Şimdi ev yapmak, almak şöyle dursun, küçülmüş keseye uygun fiyatta bir kiralık ev bulabilen şanslı sayılıyor. Sadece bununla bitmiyor tabii. Ucuz diye bulduğun ev işyerine uzaksa ve işyeri servisini kullanamıyorsan yol masrafıyla astarı yüzünden pahalıya geliyor. Sonra, “neden kira öder gibi ev kredisi almayayım?” diye düşünenler de oluyor. “Hem kendi evim olur hem de kira yerine krediye veririm parayı” diye düşünüyorlar. Ancak kazın ayağı öyle değil. İstanbul’da 100 metrekarelik bir ev almak için tam tamına 12 buçuk yıl boyunca yemeden içmeden, hiç harcama yapmadan çalışmak gerekiyormuş. Bir senelik çalışmayla ise o evin ancak 8 metrekaresi alınabiliyormuş. Hem asgari ücret alacaksın, hem üç beş nüfusu besleyeceksin, elinde kalmayan parayla da ev kredisi ödeyeceksin; ne iş ama! Hadi diyelim ki kredi aldın, durmadan mesai yapıyorsun yemiyor, içmiyor, gezmiyorsun, kredi ödüyorsun. Peki, ya işsiz kalırsan ne olacak? Sana kredi veren banka “durumunuzu anlıyoruz, üzülmeyin, paranız olunca ödersiniz” diyecek mi? “Memleketin altı üstü inşaat, her yerde yeni evler yapılıyor. Binlerce boş ev var birinde de siz oturun işsizlik zordur, sizi anlıyoruz” diyecek mi? Sizce der mi?

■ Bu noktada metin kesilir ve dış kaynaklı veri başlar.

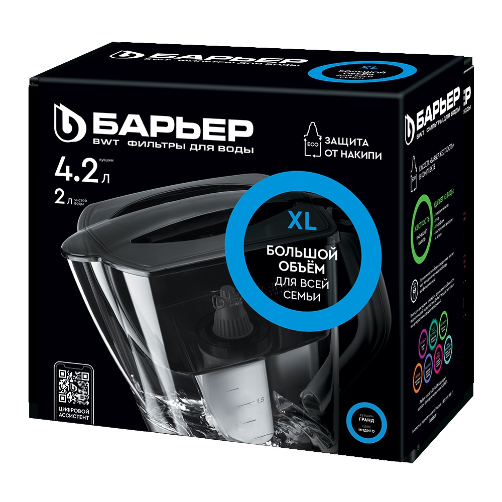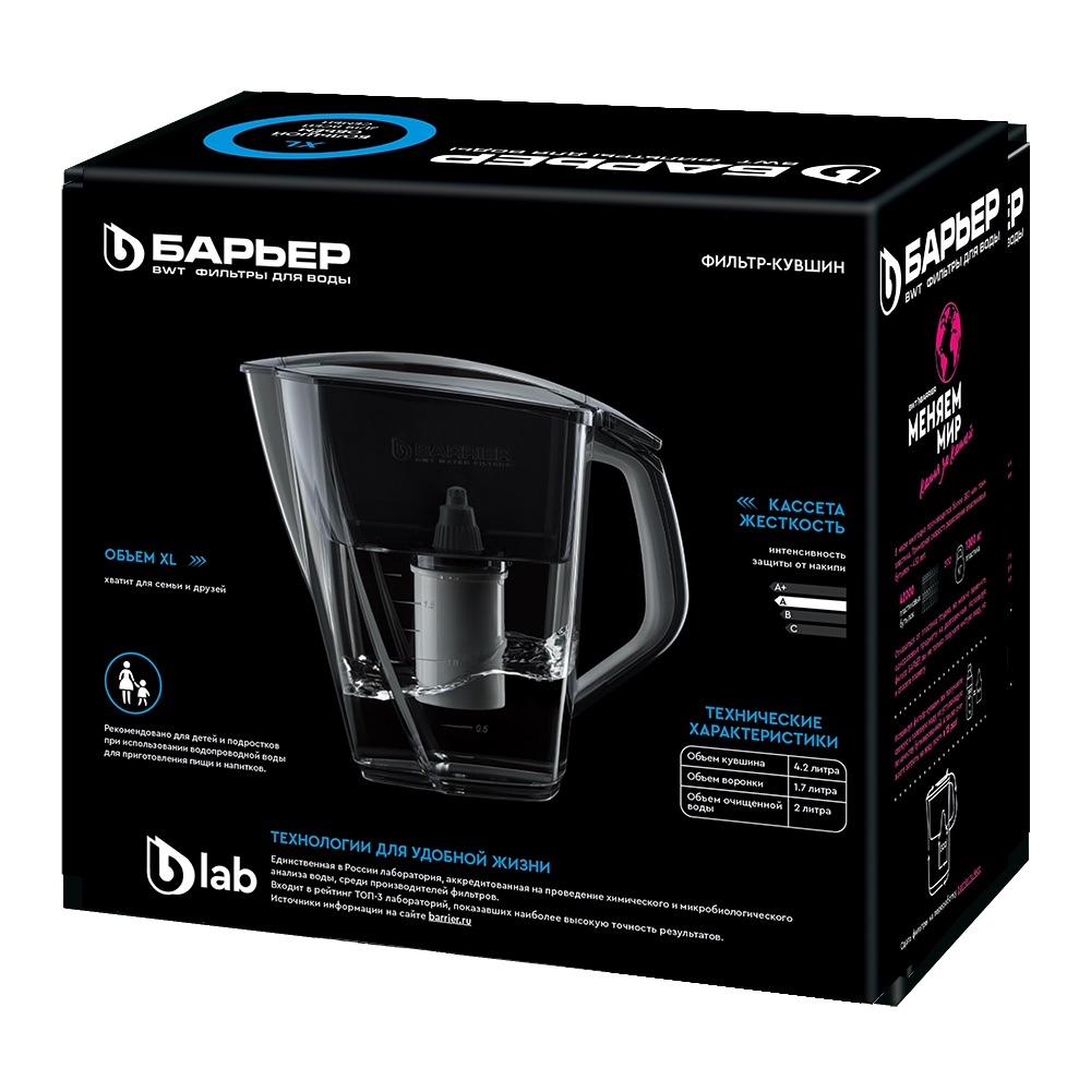 Особенность фильтров-кувшинов БАРЬЕР — надежное резьбовое крепление кассеты к воронке кувшина, что исключает попадание неочищенной воды из воронки в отфильтрованную воду.
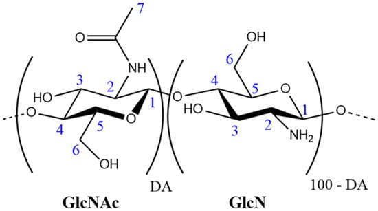 Chitin and chitosan structures showing the acetylated (GlcNAc) and deacetylated (GlcN) units. DA represents the degree of N-acetylation, for chitin DA = 100.

Hükümetler patronlara, rantçılara kredi musluklarını açıp plazalar, gökdelenler, rezidanslar, villalar yapmalarına olanak sunuyor. Onlara bedava araziler, paralar, vergi indirimleri, teşvikler veriyor, zenginlerin daha da zenginleşmesini sağlıyor. Biz işçilere, emekçilere ise başımızı sokacağımız bir evi bile fazla görüyor. Bu plazaların, gökdelenlerin paraları nereden geliyor, bir düşünelim. Tabii ki sırtımızdan elde edilen sömürüden, düşen ücretlerimizden, artan çalışma saatlerimizden, ödediğimiz vergilerden, primlerden. Mesela bizim işsizlik fonu yolgeçen hanına dönmüş. Haklarımız bir bir elden giderken yapılması gereken başımızı öne eğmek, tedirginlik içinde ev kredisi alıp bunun karşılığında haksızlıklara boyun eğmek değildir. Çözüm sağlığı, eğitimi, ulaşımı, barınmayı rant kapısı olarak gören sermaye düzenine ve onun ürettiği zihniyete karşı sınıf bilinciyle mücadele etmektir. Ücretlerin yükseltilmesi ve rantiyelerin, arpalıklarının birilerine peşkeş çekilmesini önlemek için örgütlenmektir gerçek çözüm. Bunlar hayal değil gerçek taleplerdir. Bu dünyada zenginliğin en büyük kaynağı biz işçilerin alın teridir. Çabamız ve cüretimiz yalnızca bir ev sahibi olmak için köleliği kabul etmekten öteye geçmelidir.